Résumé de la décision
Dans cette affaire, la Cour nationale du droit d'asile (CNDA) a examiné la demande de protection formulée par Mme B... E..., M. C... D..., et leur fils, au motif qu'ils craignaient des persécutions en raison de leur origine arménienne. Mme B... E..., originaire d'Ukraine, a quitté son pays avec ses parents en 1984 pour s'installer en Russie, où elle prétend ne pas avoir obtenu la nationalité russe en raison de l'absence de mariage civil. La CNDA a rejeté leur demande de reconnaissance de la qualité de réfugié en concluant qu'ils ne faisaient pas l'objet d'une menace personnelle justifiée en raison de leur origine arménienne en Russie. En conséquence, le pourvoi des demandeurs a été rejeté, sans accorder les frais de justice demandés.
Arguments pertinents
1. Sur la nationalité et l'appartenance à un pays : La CNDA a rappelé que, selon la Convention de Genève (article 1er, paragraphe A, 2°), la qualité de réfugié ne peut être reconnue qu'à une personne ayant des craintes de persécutions qui renonce à la protection de son pays d'origine. Mme D..., possédant la nationalité ukrainienne, devait donc être protégée par cette nationalité, même si elle se trouvait hors d'Ukraine.

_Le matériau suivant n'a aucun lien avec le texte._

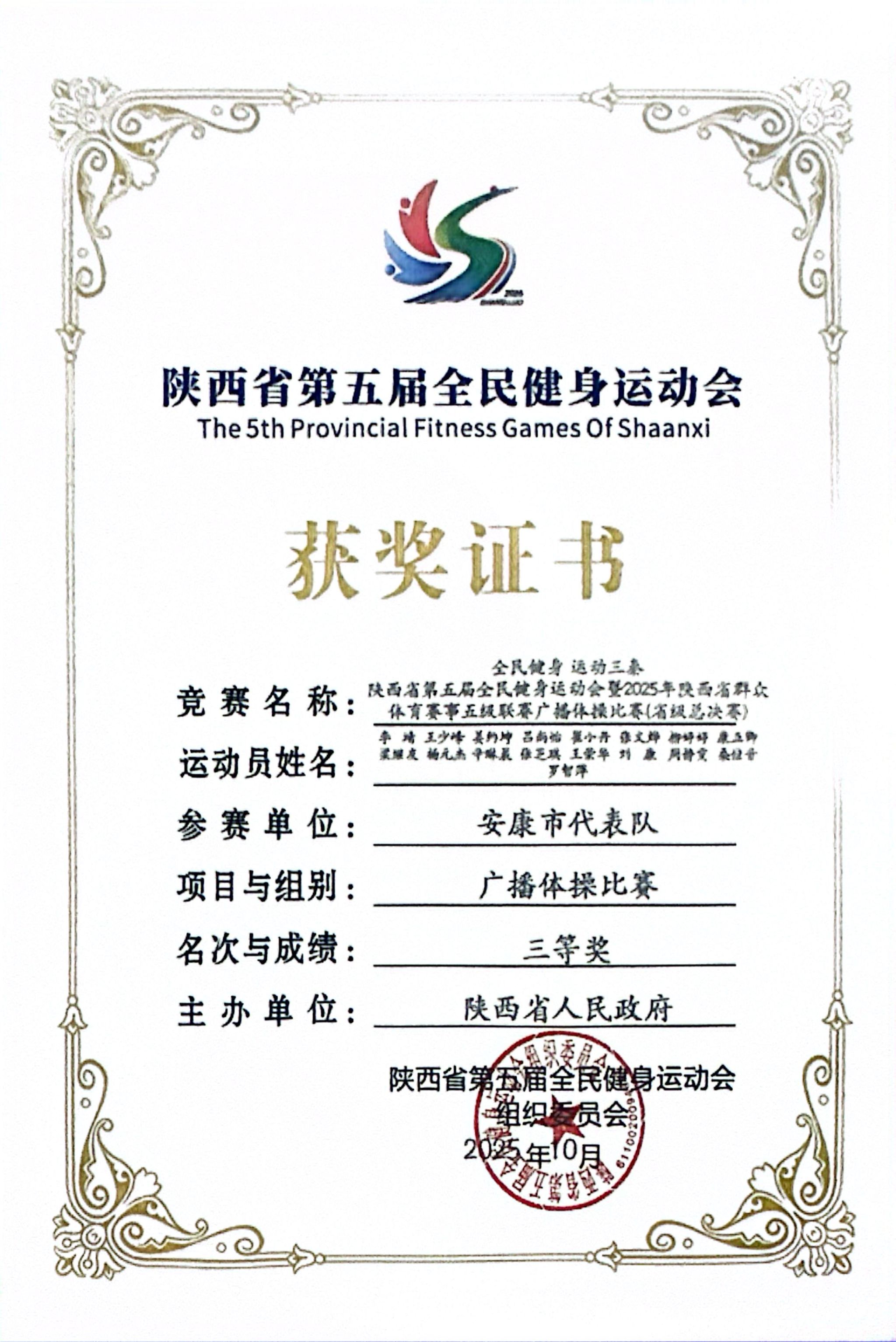 10月13日晚上,由陕西省人民政府主办的陕西省第五届全民健身运动会暨2025年陕西省群众体育赛事五级联赛广播比赛(省级总决赛)在商洛市望江楼广场圆满落幕,我校师生组成的安康市代表队斩获广播体操比赛团体三等奖。

2. Absence de persécution personnelle : La CNDA a noté qu'aucun élément ne permettait de considérer que M. D... et son fils seraient personnellement inquiétés en raison de leur origine arménienne s'ils retournaient en Russie. L'appréciation souveraine des faits faite par la CNDA n'a pas présenté d'erreur manifeste.
Interprétations et citations légales
La décision s’appuie sur plusieurs textes juridiques clés pour justifier son raisonnement :
- Convention de Genève - Article 1er, paragraphe A, 2° : "La qualité de réfugié est reconnue à toute personne qui, craignant avec raison d'être persécutée ... se trouve hors du pays dont elle a la nationalité..." Cette stipulation souligne que la qualité de réfugié dépend de l’impossibilité ou de l’impuissance à solliciter la protection de son pays d’origine en raison de craintes de persécution.
- Code de l'entrée et du séjour des étrangers et du droit d'asile : Bien que non cité directement dans la partie exposée de la décision, il est sous-jacent que ce code régule l'ensemble des procédures autour du droit d’asile et des protections qui s’y rapportent.
La CNDA a donc basé sa décision sur la constatation que Mme B... E... demeure sous la protection de sa nationalité ukrainienne et que M. D... et leur fils ne font pas l’objet d’une menace en retour en Russie, ce qui prouve l’absence d’un fondement pour leurs demandes de protection subsidiarie.
En conclusion, la décision s'inscrit dans un cadre législatif précise qui protège les droits des personnes cherchant asile tout en respectant les stipulations internationales encadrant la question des réfugiés.